Mon May 15 10:10:56 UTC 2023

On 12/05/2023 21:57, Umesh Nerlige Ramappa wrote:
> On Fri, May 12, 2023 at 11:56:18AM +0100, Tvrtko Ursulin wrote:
>>
>> On 12/05/2023 02:08, Dixit, Ashutosh wrote:
>>> On Fri, 05 May 2023 17:58:15 -0700, Umesh Nerlige Ramappa wrote:
>>>>
>>>> From: Tvrtko Ursulin <tvrtko.ursulin at intel.com>
>>>>
>>>> Reserve some bits in the counter config namespace which will carry the
>>>> tile id and prepare the code to handle this.
>>>>
>>>> No per tile counters have been added yet.
>>>>
>>>> v2:
>>>> - Fix checkpatch issues
>>>> - Use 4 bits for gt id in non-engine counters. Drop FIXME.
>>>> - Set MAX GTs to 4. Drop FIXME.
>>>>
>>>> Signed-off-by: Tvrtko Ursulin <tvrtko.ursulin at intel.com>
>>>> Signed-off-by: Umesh Nerlige Ramappa <umesh.nerlige.ramappa at intel.com>

8<

>>>> +static u64 frequency_enabled_mask(void)
>>>> +{
>>>> +    unsigned int i;
>>>> +    u64 mask = 0;
>>>> +
>>>> +    for (i = 0; i < I915_PMU_MAX_GTS; i++)
>>>> +        mask |= config_mask(__I915_PMU_ACTUAL_FREQUENCY(i)) |
>>>> +            config_mask(__I915_PMU_REQUESTED_FREQUENCY(i));
>>>> +
>>>> +    return mask;
>>>> +}
>>>> +
>>>>  static bool pmu_needs_timer(struct i915_pmu *pmu, bool gpu_active)
>>>>  {
>>>>     struct drm_i915_private *i915 = container_of(pmu, typeof(*i915), 
>>>> pmu);
>>>> @@ -120,9 +147,7 @@ static bool pmu_needs_timer(struct i915_pmu 
>>>> *pmu, bool gpu_active)
>>>>      * Mask out all the ones which do not need the timer, or in
>>>>      * other words keep all the ones that could need the timer.
>>>>      */
>>>> -    enable &= config_mask(I915_PMU_ACTUAL_FREQUENCY) |
>>>> -          config_mask(I915_PMU_REQUESTED_FREQUENCY) |
>>>> -          ENGINE_SAMPLE_MASK;
>>>> +    enable &= frequency_enabled_mask() | ENGINE_SAMPLE_MASK;
>>>
>>> u32 enable & u64 frequency_enabled_mask
>>>
>>> ugly but ok I guess?

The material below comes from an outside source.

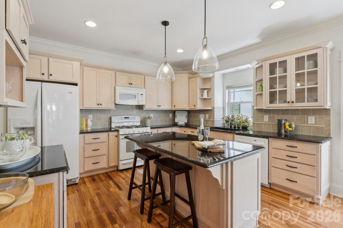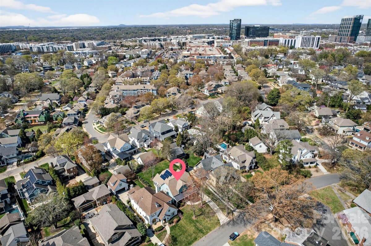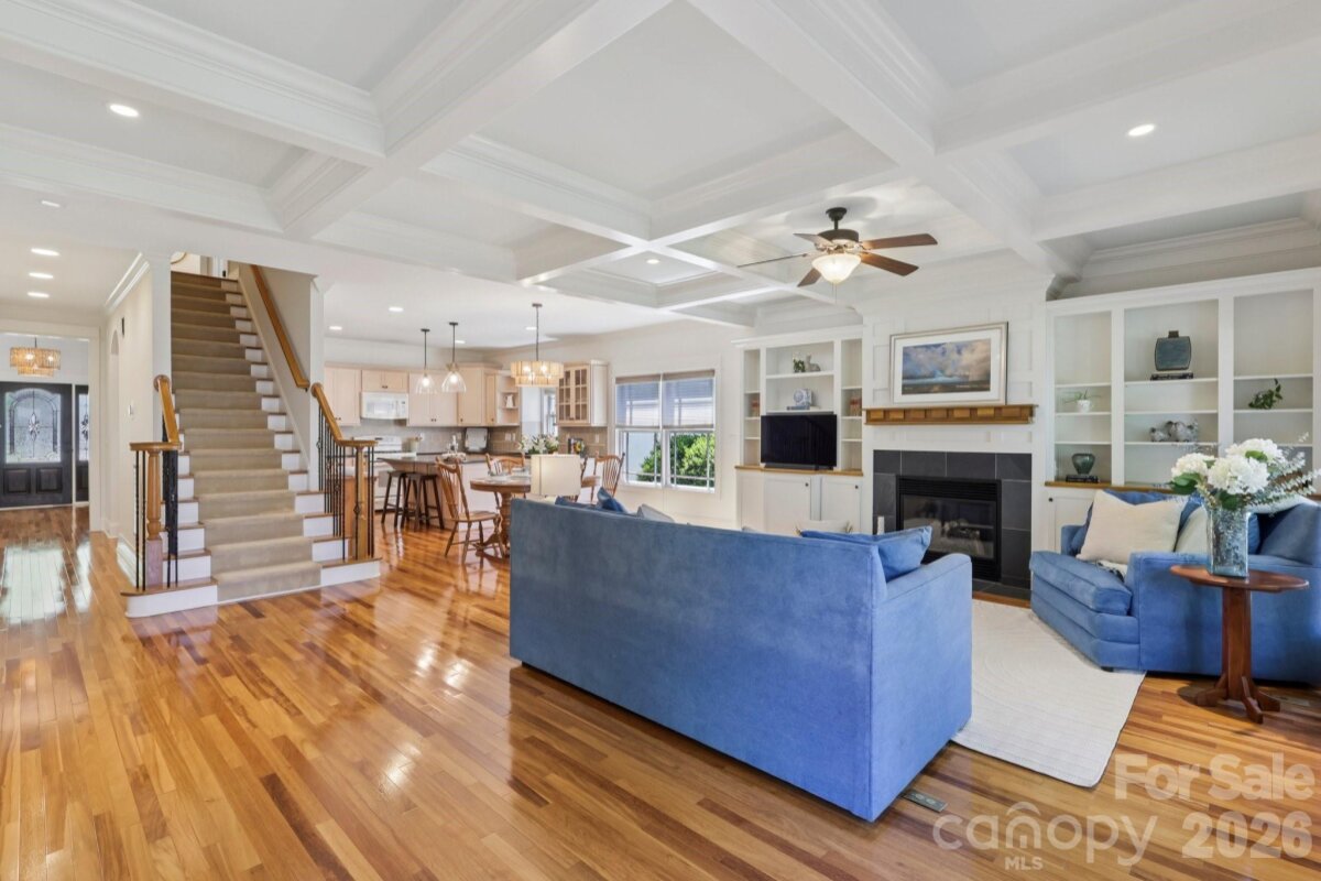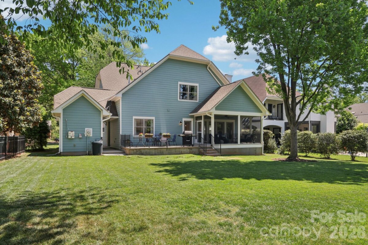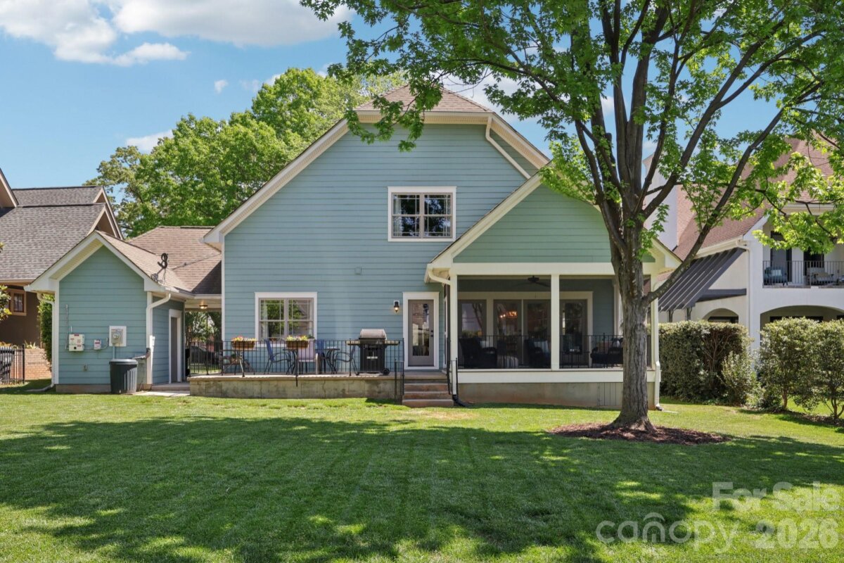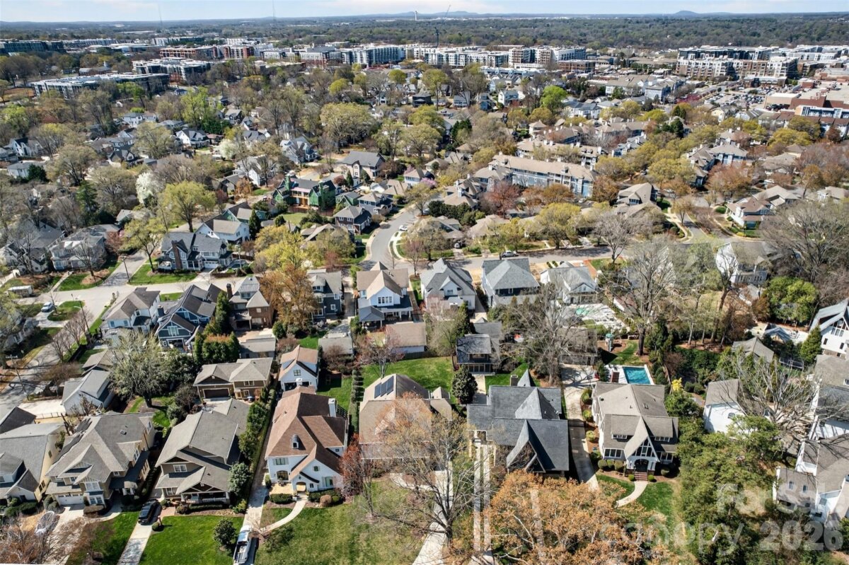 Welcome to 2216 Springdale Avenue - a beautifully crafted home where timeless design meets modern efficiency in the heart of Dilworth. Built in 2007 and offering over 3400 sq.ft., this residence seamlessly blends thoughtful detail, durable construction and a warm, livable flow. Natural sunlight fills the home throughout the day, highlighting the golden teak floors, rich millwork and custom trim, with Energy-conscience enhancements. The main level features an inviting layout with the primary suite, private bath and spacious walk-in closet. A second main-level guest suite creates a perfect arrangement for multigenerational living, long-term guests, or a dedicated home office with privacy. The kitchen includes solid-surface countertops, and transitions seamlessly into the family room, where coffered ceilings, built-ins and a gas fireplace create a warm gathering space. This area opens into a screened porch and a beautifully designed outdoor living area, including a stamped concrete patio and a generous, level backyard. Upstairs, two additional bedrooms, a large bonus room, and excellent walk-in and attic storage. Outside, the property offers a detached storage room and covered bay carport. The rocking-chair front porch is wired for surround-sound-ideal for quiet morning or evening entertaining. This home has been pre-inspected and meticulously maintained, offering beauty, efficiency, storage, and versatility in one of Charlotte's most coveted neighborhoods.

Or change enable to u64?
> 
> making pmu->enable u64 as well as other places where it is assigned to 
> local variables.
> 
>>
>> Hmm.. yes very ugly. Could have been an accident which happened to 
>> work because there is a single timer (not per tile).
> 
> Happened to work because the frequency mask does not spill over to the 
> upper 32 bits (even for multi tile).
> 
> --------------------- START_SECTION ----------------
>>
>> Similar issue in frequency_sampling_enabled too. Gt_id argument to it 
>> seems pointless.
> 
> Not sure why it's pointless. We need the gt_id to determine the right 
> mask for that specific gt. If it's not enabled, then we just return 
> without pm_get and async put (like you mention later).
> And this piece of code is called within for_each_gt.

I think I got a little confused cross referencing the code and patches 
last week and did not mentally see all the changes.

Because the hunk in other_bit() is correctly adding support for per gt bits.

The layout of pmu->enable ends up like this:

bits  0 -  2: engine events
bits  3 -  5: gt0 other events
bits  6 -  8: gt1 other events
bits  9 - 11: gt2 other events
bits 12 - 14: gt3 other events

>> So I now think whole frequency_enabled_mask() is just pointless and 
>> should be removed. And then pmu_needs_time code can stay as is. 
>> Possibly add a config_mask_32 helper which ensures no bits in upper 32 
>> bits are returned.
>>
>> That is if we are happy for the frequency_sampling_enabled returning 
>> true for all gts, regardless of which ones actually have frequency 
>> sampling enabled.
>>
>> Or if we want to implement it as I probably have intended, we will 
>> need to add some gt bits into pmu->enable. Maybe reserve top four same 
>> as with config counters.
> 
> Nope. What you have here works just fine. pmu->enable should not include 
> any gt id info. gt_id[63:60] is only a concept for pmu config sent by 
> user.  config_mask and pmu->enable are i915 internal bookkeeping (bit 
> masks) just to track what events need to be sampled.  The 'other' bit 
> masks are a function of gt_id because we use gt_id to calculate a 
> contiguous numerical value for these 'other' events. That's all. Once 
> the numerical value is calculated, there is no need for gt_id because 
> config_mask is BIT_ULL(numerical_value). Since the numerical values 
> never exceeded 31 (even for multi-gts), everything worked even with 32 
> bit pmu->enable.

Yep.

So question then is why make pmu->enable u64?

Instead frequency_enabled_mask() should be made u32 since the bitwise or 
composition of config_masks() is guaranteed to fit.

At most it can have an internal u64 for the mask, assert upper_32_bits 
are zero and return lower_32_bits.

Did I get it right this time round? :)

Regards,

Tvrtko